Find and copy every line in the records that includes the string "Westholme".

| The records |
------------------------

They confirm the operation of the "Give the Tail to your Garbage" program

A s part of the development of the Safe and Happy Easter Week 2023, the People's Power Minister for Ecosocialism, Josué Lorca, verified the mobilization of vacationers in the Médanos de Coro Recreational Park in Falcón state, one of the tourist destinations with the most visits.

------------------------

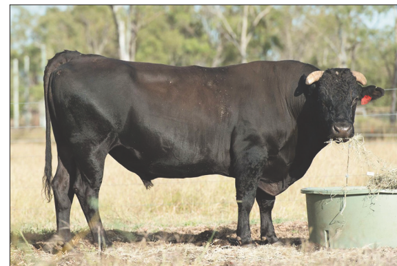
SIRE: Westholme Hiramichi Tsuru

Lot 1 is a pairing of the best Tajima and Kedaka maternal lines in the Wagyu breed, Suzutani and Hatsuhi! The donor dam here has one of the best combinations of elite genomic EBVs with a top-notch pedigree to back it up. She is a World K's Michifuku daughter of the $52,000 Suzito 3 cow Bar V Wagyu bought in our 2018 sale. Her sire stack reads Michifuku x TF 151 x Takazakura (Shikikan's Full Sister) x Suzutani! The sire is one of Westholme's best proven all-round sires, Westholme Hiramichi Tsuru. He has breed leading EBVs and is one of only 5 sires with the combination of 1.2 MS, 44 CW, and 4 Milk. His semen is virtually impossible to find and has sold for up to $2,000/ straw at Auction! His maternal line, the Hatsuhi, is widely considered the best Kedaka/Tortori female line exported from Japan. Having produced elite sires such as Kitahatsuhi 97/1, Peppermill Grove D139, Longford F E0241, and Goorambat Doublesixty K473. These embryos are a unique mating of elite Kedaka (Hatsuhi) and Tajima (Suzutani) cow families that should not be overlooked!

------------------------

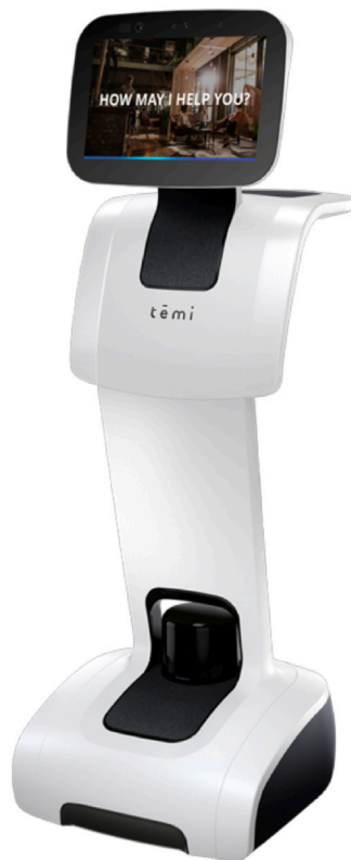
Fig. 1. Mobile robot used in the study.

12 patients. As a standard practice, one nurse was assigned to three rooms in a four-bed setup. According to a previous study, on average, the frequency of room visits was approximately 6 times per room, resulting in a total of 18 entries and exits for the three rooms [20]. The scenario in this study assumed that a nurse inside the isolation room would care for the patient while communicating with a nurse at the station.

------------------------

| Solved problem |
SIRE: Westholme Hiramichi Tsuru
Lot 1 is a pairing of the best Tajima and Kedaka maternal lines in the Wagyu breed, Suzutani and Hatsuhi! The donor dam here has one of the best combinations of elite genomic EBVs with a top-notch pedigree to back it up. She is a World K's Michifuku daughter of the $52,000 Suzito 3 cow Bar V Wagyu bought in our 2018 sale. Her sire stack reads Michifuku x TF 151 x Takazakura (Shikikan's Full Sister) x Suzutani! The sire is one of Westholme's best proven all-round sires, Westholme Hiramichi Tsuru. He has breed leading EBVs and is one of only 5 sires with the combination of 1.2 MS, 44 CW, and 4 Milk. His semen is virtually impossible to find and has sold for up to $2,000/ straw at Auction! His maternal line, the Hatsuhi, is widely considered the best Kedaka/Tortori female line exported from Japan. Having produced elite sires such as Kitahatsuhi 97/1, Peppermill Grove D139, Longford F E0241, and Goorambat Doublesixty K473. These embryos are a unique mating of elite Kedaka (Hatsuhi) and Tajima (Suzutani) cow families that should not be overlooked!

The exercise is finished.